Furthermore, there are also many studies that aim to find the best formula for any country or region by comparing different formulas in the literature. Some of these studies are Siemer et al. [27], Hasenoehrl et al. [4], Hoopmann et al. [28], Campell et al. [6], Esinler et al. [29], Hiwale et al. [3].

Siemer et al. [27], Hasenoehrl et al. [4], and Esinler et al. [29] were compared some formulas for both fetuses with birth weight (BW) less than 2500 and more than 4000 gr. Hoopmann [28] compared the formulas of macrosomic fetuses. Some of the studies are population-based.

Siemer et al. [27], Hasenoehrl et al. [4] and Hoopmann et al. [28] studied at Germany population, Campell et al. [6] for the Australian population, Esinler et al. [29] for Turkish population, Hiwale et al. [3] for the Indian population, etc.

The aim of this study is to find the most accurate formula for the Turkish population based on gender. We compared the 24 formulas for this purpose. 24 compared formulas are given in Table 1 (Ref. [6, 7, 8, 9, 10, 11, 12, 13, 15, 16, 17, 18, 19, 20, 21, 23, 26]).
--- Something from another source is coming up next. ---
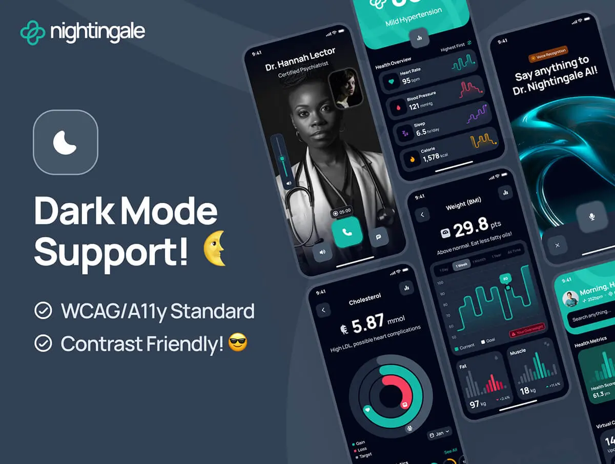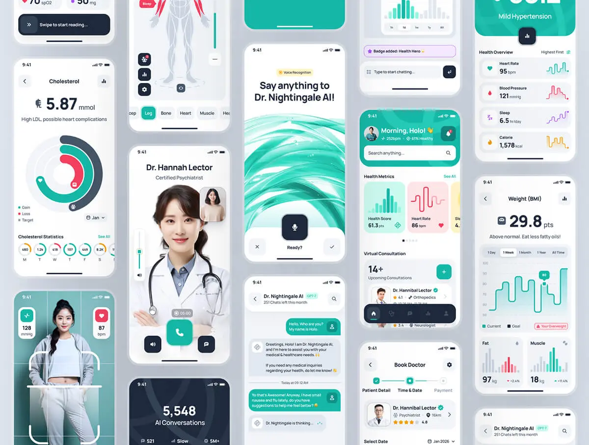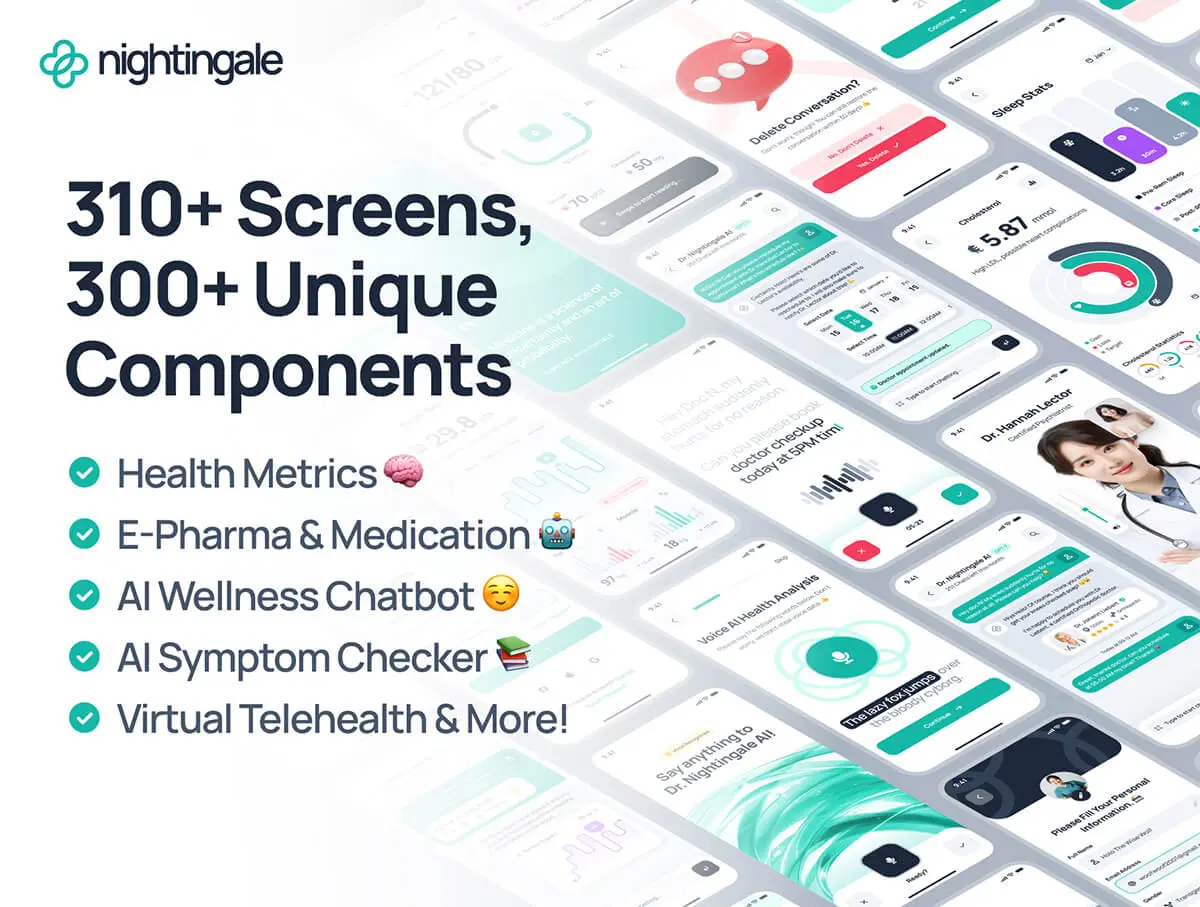 nightingale UI Kit AI Medical & E-Pharmacy App 310屏AI 医疗和电子药房在线门诊健康医疗应用app界面ui设计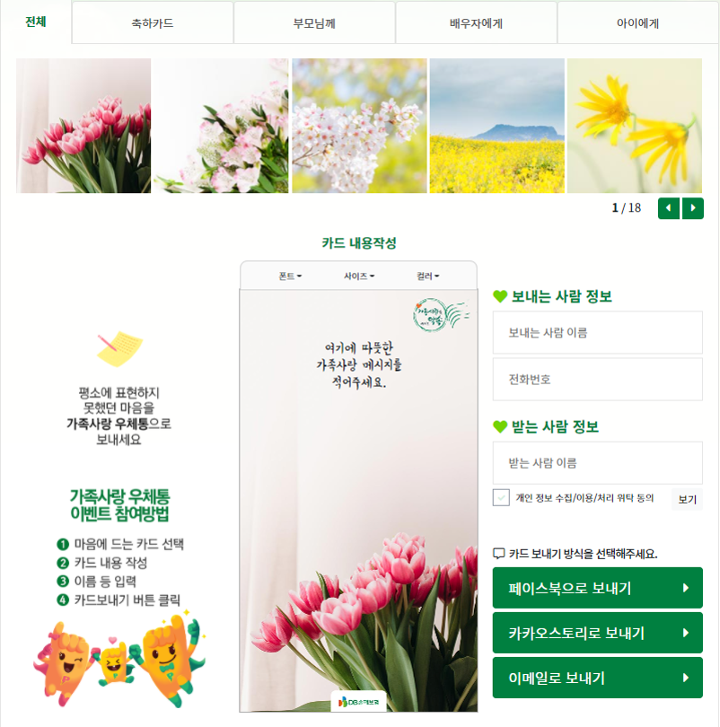 가족사랑 우체통 카드 보내기 참여 방법을 알아볼까요? 가족에게 전하고 싶은 말을 담은 편지지 한 장을 선택하고 가족에게 하고 싶었던 이야기들을 적어주세요. 예쁜 일러스트로 구성된 봄 느낌 가득한 카드도 있답니다. 메시지를 적은 후 카카오톡, 페이스북, 이메일 등 원하는 방식을 선택해서 전송하면 끝이랍니다.

This study was planned prospectively in a tertiary hospital between 1 April 2019 and 1 October 2019. 160 pregnant women who were term pregnant and had a cesarean indication hospitalized to give birth by cesarean included in the study. All subjects gave their informed consent for inclusion before they participated in the study. The study was conducted in accordance with the Declaration of Helsinki, and the protocol was approved by the Ethics Committee of Hitit University (approval number: 069). This study included pregnant women with a single pregnancy, between 38 and 40 weeks, without a known fetal anomaly, without communication problems, and who wanted to participate in the study. After obtaining informed consent from the pregnant women, the sociodemographic information was recorded on the prepared form. Afterward, Hitachi HI Vision Preirus ultrasound system with Convex probe (8–4 Mhz) was performed using ultrasound and AC (Abdominal circumference), BPD (Biparietal diameter), FL (Femur length), HC (Head circumference) and TAD (Transverse abdominal diameter) measurements were taken. In addition, the location of the placenta, placental dimensions in 3 planes, and umbilical cord thickness were recorded. BPD was measured at the section of cavum septum pellucidum and falx cerebri plane and the cursors were placed outside to inside. HC was measured from the outside of the cranial bones in the same plane as the BPD. AC and TAD were measured at the level of where the umbilical vein passed through the liver and symmetrical rib images seen. FL was measured vertically from metaphysis to metaphysis.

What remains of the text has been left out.